As shown in FIG. 2, the single piece of chino 10 that fits into this groove has the same shape and thickness l, and has front and rear circular holes 20, 22 at both front and rear ends with a diameter D-2ΔR that slides into the shaft groove 16 of the joint shaft 12. A through groove 24 having a diameter equal to the diameter of the hole connecting the outer diameter of the connecting shaft 12 and a hole 26 which fits around the outer diameter of the joint shaft 12 is provided in the middle of the groove. To assemble a chino using this joint shaft 12 and the chain 7l0, insert a hole 26 that fits in the middle shaft diameter of the through groove 24 of each two chinos 10, and insert the shaft groove 1 beyond both ends of the joint shaft 12.
6 and 18, and shift them in opposite directions as shown in Fig. 3, and align the front hole 20 at the end of the inner chino and the rear hole 22 of the outer chino with the axial grooves. 16
18, the grooves 16° 18 of the two front and rear joint shafts adjacent to the joint shaft 10 are engaged repeatedly with the inside of each outer front hole 20 turned into the rear hole 22, and the tension is applied after assembly. In addition, it prevents the chino 10 and joint shaft 12 from coming out. Such a conveyor chain is placed on a simple guide rail made of a heat-resistant material having guide edges 32 at both ends as shown in FIG. 1, for example, and guided in the direction of movement of the chain.

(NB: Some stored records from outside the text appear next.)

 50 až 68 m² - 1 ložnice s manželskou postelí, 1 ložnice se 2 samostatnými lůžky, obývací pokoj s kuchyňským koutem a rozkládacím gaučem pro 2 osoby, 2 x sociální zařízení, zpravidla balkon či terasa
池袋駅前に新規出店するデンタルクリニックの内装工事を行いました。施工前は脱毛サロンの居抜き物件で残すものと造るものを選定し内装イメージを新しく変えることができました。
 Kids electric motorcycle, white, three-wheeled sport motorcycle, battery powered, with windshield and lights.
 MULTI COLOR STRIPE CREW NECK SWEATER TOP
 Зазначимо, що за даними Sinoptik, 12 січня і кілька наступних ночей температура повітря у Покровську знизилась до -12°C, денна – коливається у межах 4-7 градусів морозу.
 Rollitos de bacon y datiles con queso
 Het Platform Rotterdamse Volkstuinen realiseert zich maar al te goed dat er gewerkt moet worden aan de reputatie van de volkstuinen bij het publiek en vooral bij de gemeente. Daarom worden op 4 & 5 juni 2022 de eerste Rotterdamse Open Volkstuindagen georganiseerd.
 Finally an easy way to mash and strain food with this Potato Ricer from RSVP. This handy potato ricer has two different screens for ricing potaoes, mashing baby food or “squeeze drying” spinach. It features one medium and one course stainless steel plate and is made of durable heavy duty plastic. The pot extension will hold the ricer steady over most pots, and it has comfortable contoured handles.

According to this method, the conveyor has a simple structure and does not require precise mechanisms such as screws, so it can easily be constructed from refractory materials such as reinforced carbon, graphite, and ceramics, which are difficult to process, to provide a heat-resistant conveyor.

On the upper side, the joint shaft has a consistent diameter, but both ends of the shaft groove of the joint shaft, which overlaps the holes 20 and 22 on the front and rear of the chino, are larger than the diameter D-2ΔR of the sliding holes 20 and 22 on the chino. Other than the inner and outer diameters of the groove that regulates play in the axial direction of the joint shaft, the intermediate diameter of the joint shaft and the outer shape of the chino are free.

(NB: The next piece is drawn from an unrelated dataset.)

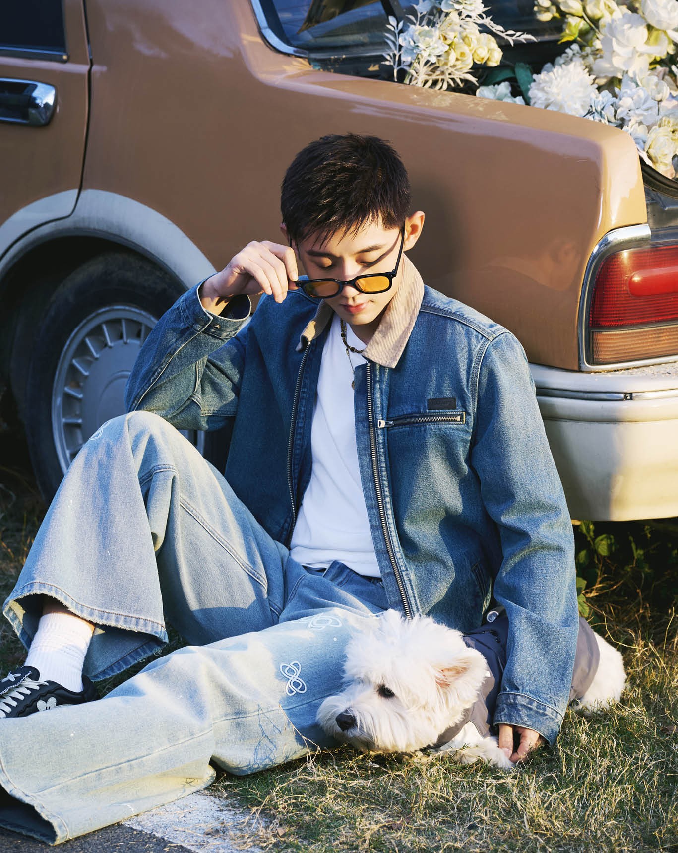 冬日的江南,如此迷人。如果不是坚定地朝前走,拍摄地点很难找到,那是一幢白色双层建筑,位置很隐蔽。小楼前面的空地,停靠着一辆日系皮卡车,被鲜花簇拥。阳光映衬得刚好,半小时前,张继科抱着宠物小狗“金牌弟弟”,刚刚在皮卡车前完成一组拍摄。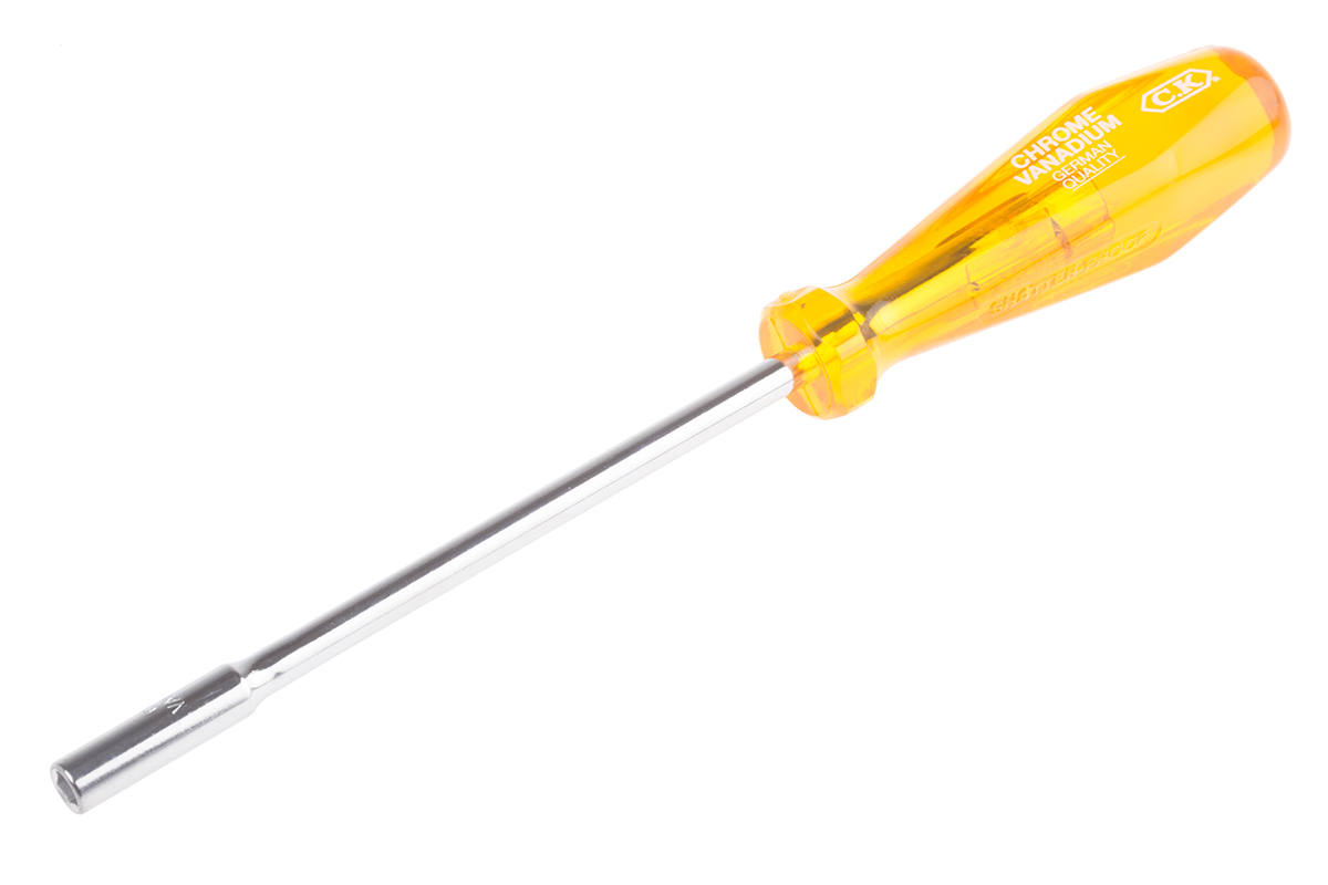 This is Alloy Steel Screwdriver Nut Spinner 5 mm Tip Cellulose Acetate manufactured by CK. The manufacturer part number is T4334M 05. The tip is 5 mm in size. Its comfortable handle is manufactured from durable plastic material. In addition, it has a chrome blade finish . The blade has a length of 215 mm. The built-in exquisite tip is a hexagon tip. In addition, its blade is made up of alloy steel material .

[Brief explanation of the drawing]

Fig. 1 is a central cross-section of the chino device with a connecting shaft perpendicular to the direction of movement of the chino, Fig. 2 is a side elevational view of the chino itself, and Fig. 3 is an assembled plan view of a part of the chino seen from the top. In the diagram 10 Chaino 12 Joint shaft 14.16 Chain groove near the left and right ends of the joint shaft 20.22
A hole 24 that slides into the joint shaft grooves 14 and 16 of the chain. A groove 26 that connects the holes 20 and 22 of the chain. A hole 30 that fits loosely with the outside diameter of the joint shaft. A chain guide rail 32. No change) 10) 3 Figure Procedural Amendment 03 Illusion 1975 Σ Tsuki Noi [1 Director General of the Patent Office Manabu Shiga 1, Indication of the case 1982 Patent Application No. 085928 2 Name of the invention Heat-resistant chain conveyor Apparatus 3, Relationship with the case of the person making the amendment Patent applicant's residence 7-15-14 Hiyoshi, Kohoku-ku, Yokohama, Kanagawa Prefecture 223 ゛ City 044-63-5461 July 31, 1982 5. Subject of amendment Drawings 6. Contents of the amendment as shown in the attached sheet 7. Attached documents: 1 copy of drawings

Claims (1)

[Scope of Claims] 1) A cylindrical joint shaft with an end face diameter having a groove with a rectangular cross section of depth 281 and width 21 on the outer periphery near the center or both ends, and a circle at both ends with a diameter D to 2ΔR that slides into the groove. A heat-resistant chain conveyor device having a simple shape and consisting of a cheno having a thickness p having a groove connecting holes and a hole disposed in the middle thereof to play around the outer periphery of a joint shaft with a diameter, and a guide rail guiding the cheno. 2) The heat-resistant chain conveyor device according to claim 1, wherein after the chain is assembled, tension is applied to the chain and the joint shaft is restrained by both ends of the groove of the chain. 3) The heat-resistant chain conveyor device according to claim 1, which has a simple structure and can be constructed of reinforced carbon, graphite, ceramic, or the like.